Quase um milhão de mulheres são submetidas a parto cirúrgico todos os anos, mesmo sem indicação médica adequada, inclusive adolescentes, cuja taxa atingiu 42%. Segundo a coordenadora da pesquisa, a epidemiologista Maria do Carmo Leal, não há justificativas clínicas para percentuais tão elevados. Essas cirurgias, continua, expõem as mulheres e os bebês a riscos desnecessários e aumentam os gastos do país com saúde. O estudo mostrou que quase 70% das entrevistadas desejavam o parto vaginal no início da gravidez, mas poucas são apoiadas nessa decisão durante a gestação e muitas são induzidas pelos próprios obstetras.

 

Esse excesso de cesarianas produziu outro problema: a proporção elevada de bebês retirados antes da hora. Isso os expõe a maiores riscos, inclusive com internações mais frequentes em UTIs neonatais. A pesquisa indicou que 35% dos bebês brasileiros nasceram com 37 ou 38 semanas de gestação, ou seja, no limite da prematuridade. Se tivessem alcançado 39 semanas ou mais de gestação, respeitado o tempo normal de nascimento, eles poderiam ganhar mais peso e mais resistência para chegar ao mundo. O estudo apontou também que a taxa de prematuros (antes de 37 semanas) atinge 11,5%, proporção, por exemplo, 60% mais alta do que na Inglaterra.

 

Reação no Congresso

 

Essa situação alarmante e o caso Adelir, o único a ter interferência judicial para obrigar uma mulher em trabalho de parto a fazer cesárea, contribuíram para reacender os debates no Congresso. Na terça-feira passada, a pedido das senadoras Ana Rita (PT-ES) e Vanessa Grazziotin (PCdoB-AM), audiência conjunta da Comissão de Direitos Humanos e Legislação Participativa (CDH) e da Comissão de Assuntos Sociais (CAS) iniciou o ciclo de discussões no Senado.
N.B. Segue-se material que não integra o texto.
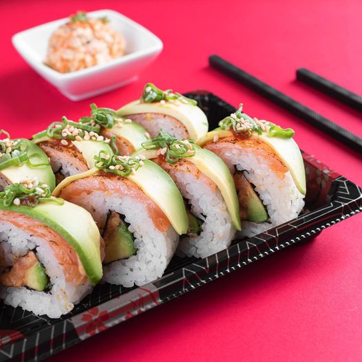 arroz al vapor cubierto de ajonjoli, cebollin, cubos de aguacate y philadelphia con camarón tempura bañado en aderezo spicy.
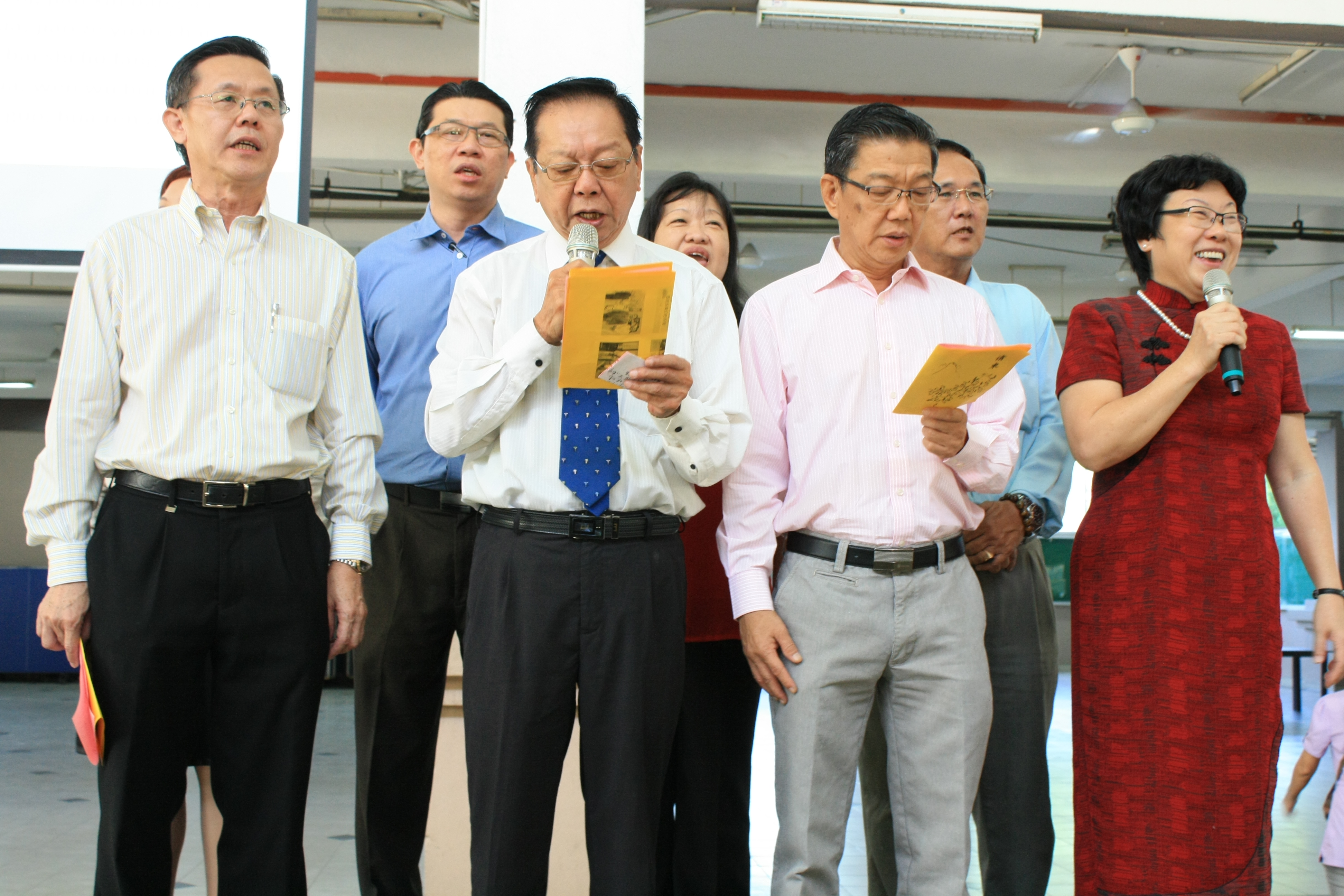 前辈带领学弟妹高歌校歌。前排左起为郑今智、黄华民、陈汶来及佘琼凤。
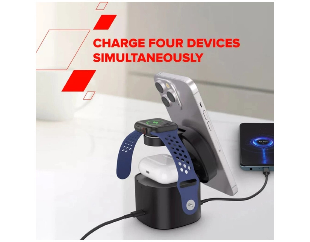 | Зарядное устройство Canyon 4-in-1 wireless charging stand CNS-WCS405B — это воплощение современных технологий и удобства. Универсальная станция позволяет одновременно заряжать смартфон, Apple Watch, AirPods и ещё одно устройство через USB Type-C. Компактный дизайн размером 70×70×70.3 мм упорядочивает ваше пространство, сохраняя всё в порядке без лишних проводов. Благодаря сертификации Qi2, OnCharge 405 обеспечивает эффективное магнитное выравнивание для стабильной зарядки до 15 Вт. Магнитное крепление удерживает ваши гаджеты на месте, даже во время активного использования. Встроенные четыре уровня защиты (предотвращение перенапряжения, перегрузки, перегрева и короткого замыкания) гарантируют безопасность для ваших устройств. В комплекте — мощный адаптер PD 65 Вт и необходимые кабели, что упрощает вашу жизнь, делая её более удобной дома, в офисе или в путешествиях. Преобразуйте своё рабочее место в организованную зону с Canyon OnCharge 405, которая предоставляет скорость, безопасность и стиль в одном решении. |
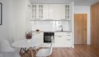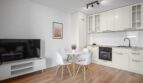 salon z aneksem kuchennym wyposażonym w płytę indukcyjną, piekarnik, zmywarkę i okap
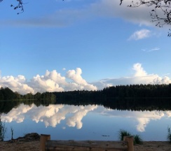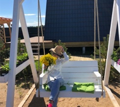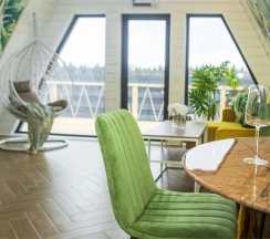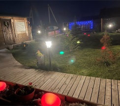 В целом все хорошо. Пятую звезду сняла за мелочи ( лампочки кое-где не заменены, в частности над кухонной зоной, отсутствие микроволновки; старый телевизор, в ветреную погоду трансляция прерывается) Конечно, мы приехали отдыхать на природу, а не смотреть телек, но вечером было бы приятно разместиться в гостиной с чашечкой ароматного чая и посмотреть фильм…пришлось с телефона))) Мебель в хорошем состоянии, посуда вся есть, если мало-администратор предоставит. Милый, заботливый и душевный персонал. Все показали, рассказали, куда лучше сходить, есть озеро на территории СНТ, есть лесное озеро в минутах 20 пешком по лесной дороге.
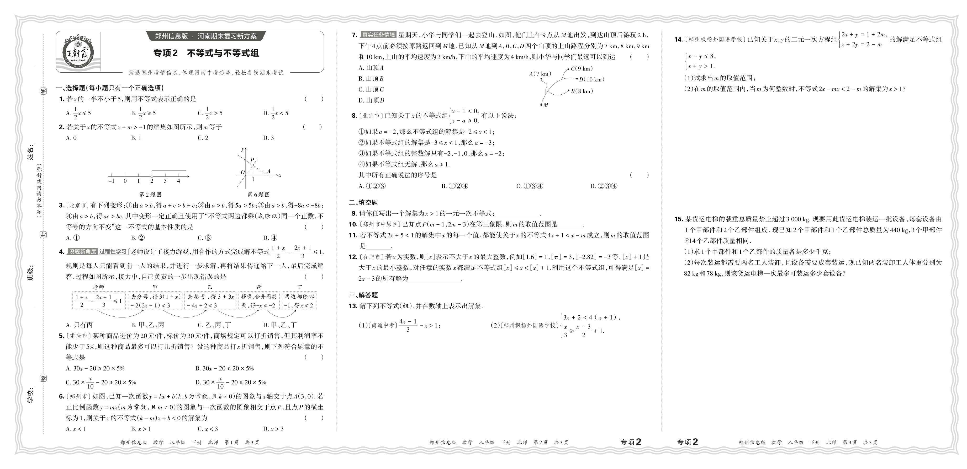 2024春下册八年级数学北师版 期末专项卷郑州版·不等式与不等式组【2】
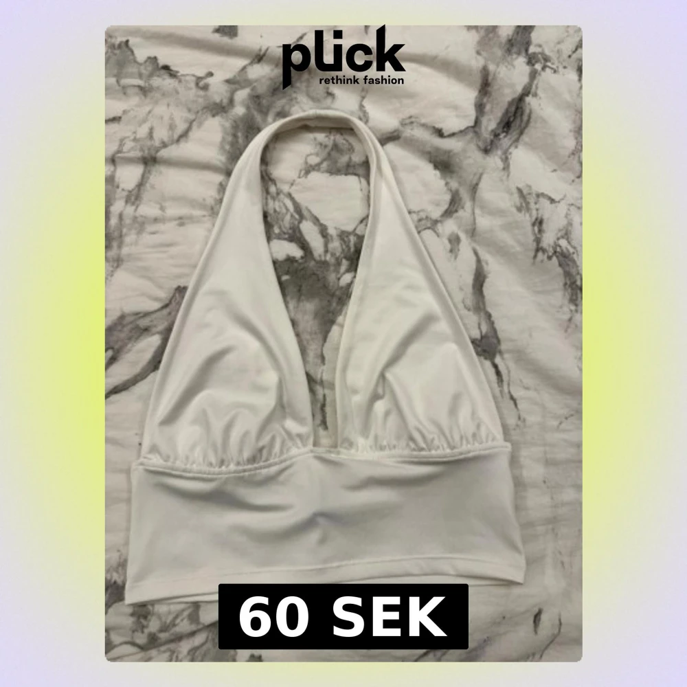 Säljer en vit halterneck topp från H&M Divided i storlek M. Toppen har en djup urringning och bred resår under bysten för extra stöd. Tillverkad i mjukt och stretchigt material som känns skönt mot huden. Perfekt till sommaren och enkel att styla.
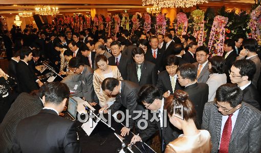 [아시아경제 이재문 기자] 25일 저녁 서울 소공동 롯데호텔에서 열린 아시아경제 신사옥 개관기념 리셉션에 참석한 참석자들이 전자 방명록에 서명하고 있다.
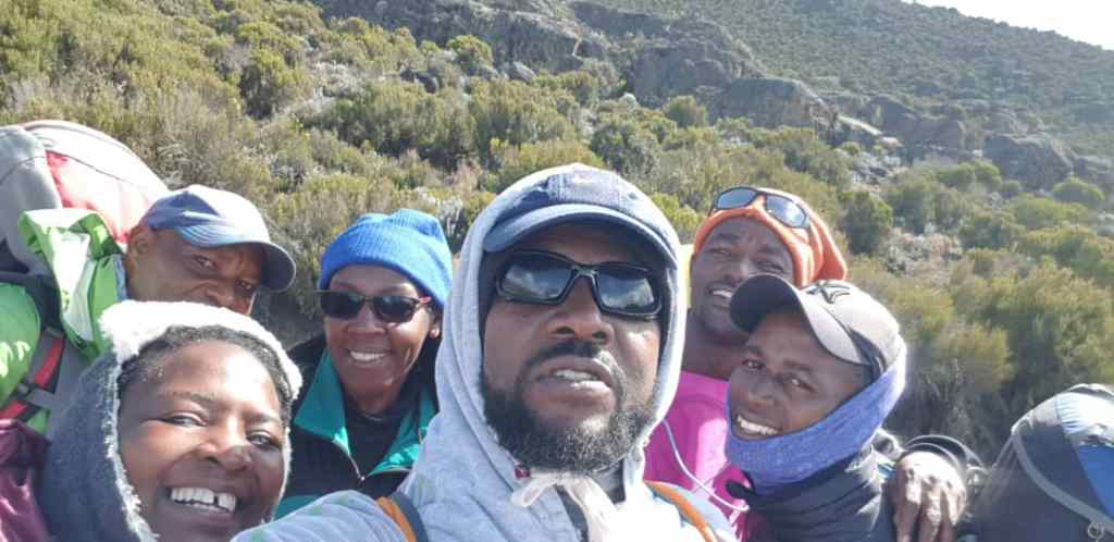 We reach Mandara, the first camp on our route, at about 5.00 pm; a long first day. We are tired but we are excited. This is not our first trek though. A few years back we (Hilda, Pam, Sam), had climbed Mr. Muhabura in Western Uganda and Mt Elgon in Eastern Uganda. The Tororo Rock too in Tororo! In comparison, Mt Kirimanjaro is a friendlier slope so far. We do not want to remember the Killer Muhabura. We take our evening tea and chat away the evening as we wait for dinner. We are served at about 7.30. Everybody is scampering for hot soup! Thank God it is more than enough! The disappointment is that after it gets served by the time it reaches the lips it is no longer hot! The intense cold has already dealt with it. We go to sleep at about 9pm after instructions to be up by 7am so that we set off by 8. But do we sleep? The cold! It is that type of cold which sneaks to your every part of the body including the hair.
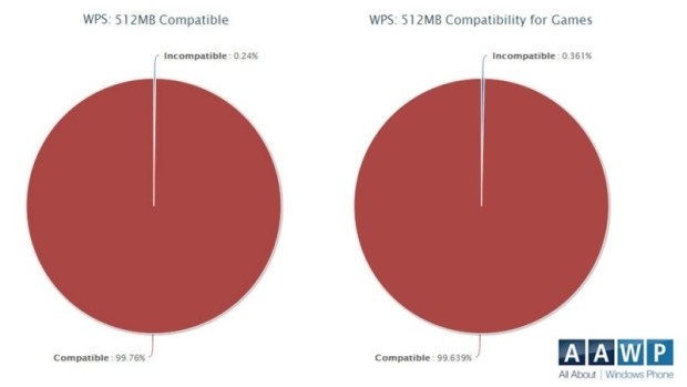 Hai biểu đồ tròn dưới đây cho thấy có 0,361% game không tương thích với các thiết bị có RAM từ 512MB trở xuống. Đây là tin tốt cho người dùng có ý định sử dụng điện thoại chạy Windows Phone tầm trung và không có cấu hình mạnh.
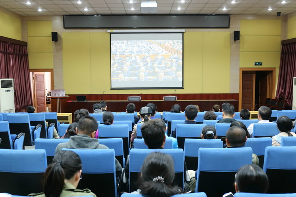 广大干部师生在会议室、教室、实验室、教研室等场所认真组织收听收看。

No começo de maio, a Comissão de Direitos Humanos da Câmara realizou o Seminário Faces da Violência contra a Mulher.

 

As duas Casas se debruçaram sobre temas importantes, como violência obstétrica; desrespeito à mulher em decisões sobre seu corpo, prevalecendo opiniões médicas, como no caso Adelir; falhas das faculdades que continuam jogando no mercado profissionais desatualizados e despreparados; ausência ou pouca informação que oriente a mulher nas suas escolhas; ganhos econômicos e financeiros desse tipo de assistência; e a necessidade de resgatar as experiências positivas de um modelo que foi sendo substituído, progressivamente, a partir dos anos 70.

 

Atenção Domiciliar

 

Até meados do século 20, os brasileiros vinham ao mundo pelas mãos de obstetrizes e parteiras. Os partos normais prevaleciam. Eram poucas as cesáreas. Segundo estudo citado no documento Saúde Brasil, do MS, a assistência à mulher no Rio de Janeiro, entre 1920 e 1960, capital do país na época, se organizava de quatro formas: Serviço Obstétrico Domiciliar (SOD) do modelo sanitarista, proposta filantrópica das damas da sociedade, assistência hospitalar individualizada e assistência obstétrica integrada, que consistia de uma rede, espalhada nos diversos bairros da cidade, de consultórios de pré-natal acoplados a consultórios de higiene infantil, ambos articulados com uma maternidade e com um SOD.

 

Muitos fatores influíram para tirar o protagonismo da mulher no momento mais especial de sua vida. Um deles foi o avanço da tecnologia. Isso fez com que o médico não pudesse ir mais à casa das gestantes com uma simples maleta. “O cuidado médico foi se sofisticando e as gestantes passaram a ter que ir ao hospital para fazer determinados procedimentos”, explica a médica e professora de Saúde Coletiva da Universidade de Brasília (UnB) Daphne Rattner, presidente da Rede de Humanização do Parto e do Nascimento (ReHuNa), entrevistada pelo Jornal do Senado.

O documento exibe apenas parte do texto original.